# Why the lies



## nylfish (Mar 30, 2009)

Fished yesterday at Bushwood from 2 -10 pm not even a nible then I asked the store across the pier they havn't seen or heard of any croakers being caught , a lying tongue is a abomination to the Lord :--|


----------



## Penn626 (Jun 24, 2005)

*Early Croakers*

It could be true though! I remember back when I use to do alot of croaker fishing, I use to catch them Mid to late April,,,,AND BIG ONES! Maybe a nice school came in at that moment...> Who know???????


Penn


----------



## Joey (May 27, 2001)

*That's why it's called fishing and not catching.*

The only way to almost guarantee fish is to go to a fish market.


----------



## nylfish (Mar 30, 2009)

Whenever croakers are in this early they don't leave they are here to feed and get fat and ready to spawn in semi-tropical waters in South America


----------



## hengstthomas (Mar 11, 2006)

nylfish said:


> Whenever croakers are in this early they don't leave they are here to feed and get fat and ready to spawn in semi-tropical waters in South America


Are you sure about that ?


----------



## Guest (Apr 18, 2009)

my good buddy just got back from PLO. caught about 13 croakers on bloodworms and squid. and yes when the croakers are caught, the croakers will stay to feed for several months. lets go get them fellows!!!


----------



## snowape (Jul 27, 2008)

If you go to the tackle box in lexington park you can see crokers that were caught in the Bushwood area. They are there, but bite mostly in the evening imo.


----------



## Kwesi W. (Apr 14, 2006)

I have heard from guys i repsect that they are here.. so in my opinion they are here.. I stil think this is just the beginning of them coming in so it may not be full blown..


----------



## nylfish (Mar 30, 2009)

*Croakers does not like some people*

Fished ST Clement,Bushwood, Point-lockout since Thursday-last night 5-10 30 pm nothing no croakers when I was leaving I asked the dnr police who was parked in the dark at P/L/O who said he has't seen any croakers all year


----------



## hengstthomas (Mar 11, 2006)

Guess they already left for "South America"


----------



## mantriumph (Sep 12, 2006)

Normark said:


> Guess they already left for "South America"

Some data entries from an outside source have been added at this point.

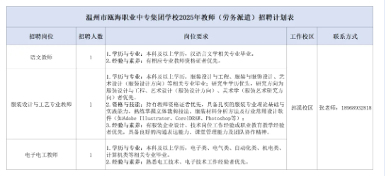 为进一步加强教师队伍建设,更好地满足学校教育教学工作需求,现面向社会公开招聘语文教师、服装设计与工艺专业教师、电子电工教师各1名(劳务派遣)。招聘岗位及相应条件公告如下:
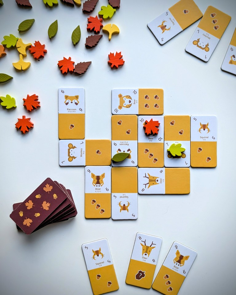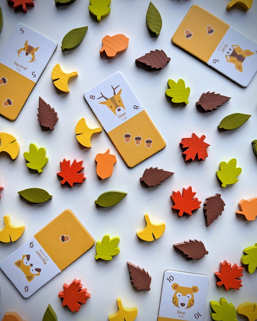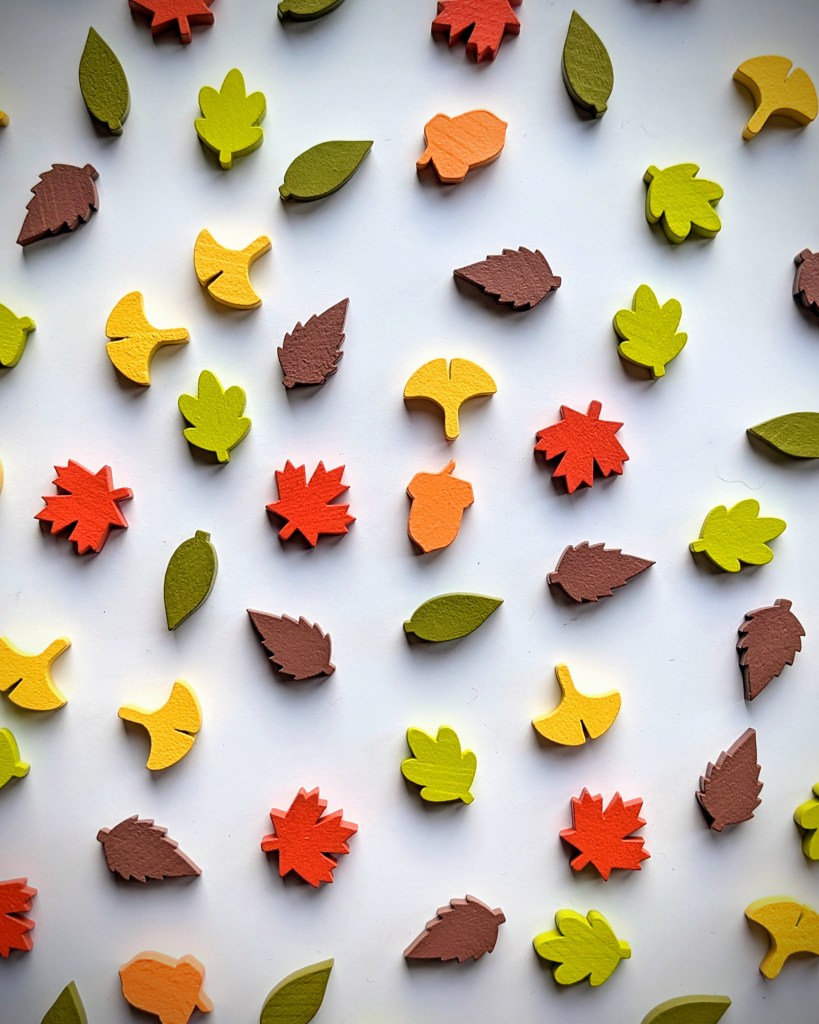 - The player tokens are different leaves and we thought these were really cute (I especially liked the yellow ones – I think they might be gingko leaves?). We didn’t really understand why you were supposed to use two sets of leaf tokens each in a 2-player game – we were always fine just using 1 type and didn’t run out.
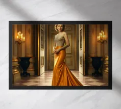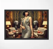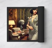 Elegant Flapper in Luxe Beaded Dress, Pearls, and Art Deco H... This image showcases a glamorous flapper girl surrounded by opulent metallic accents, lavish furnishings, and ornate decor, blending futuristic and Art Deco elements with organic curves and dreamy surrealism.
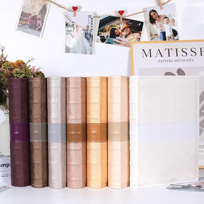 • 【Premium Quality Leather Cover】Photo albums with writing space are made of premium quality leather which can last for years ,keep photos protected and intact at all times. Rose pattern cover, beautiful and stylish

,,Please say this isnt true.I was looking forward to landing a few up in the Delaware river late summer this year.


----------



## snowape (Jul 27, 2008)

It was a joke, they have not left..... they just have not shown up yet. :beer:


----------



## earl of DC (Jul 7, 2007)

FISHERMAN T said:


> my good buddy just got back from PLO. caught about 13 croakers on bloodworms and squid. and yes when the croakers are caught, the croakers will stay to feed for several months. lets go get them fellows!!!


yes maybe off a boat but not by land. the story was most likely fabricated by Ken lamb, the Tacklebox, The Quades, & Md dnr fishing report to jump start the season since we are in a recession. ive had buddies who have gone down on both days & were told by Dnr when they were leaving that no 1 has caught any croaker this week in the park!!!
http://www.pierandsurf.com/forum/showthread.php?t=62706


----------



## earl of DC (Jul 7, 2007)

kmw21230 said:


> I have heard from guys i repsect that they are here.. so in my opinion they are here.. I stil think this is just the beginning of them coming in so it may not be full blown..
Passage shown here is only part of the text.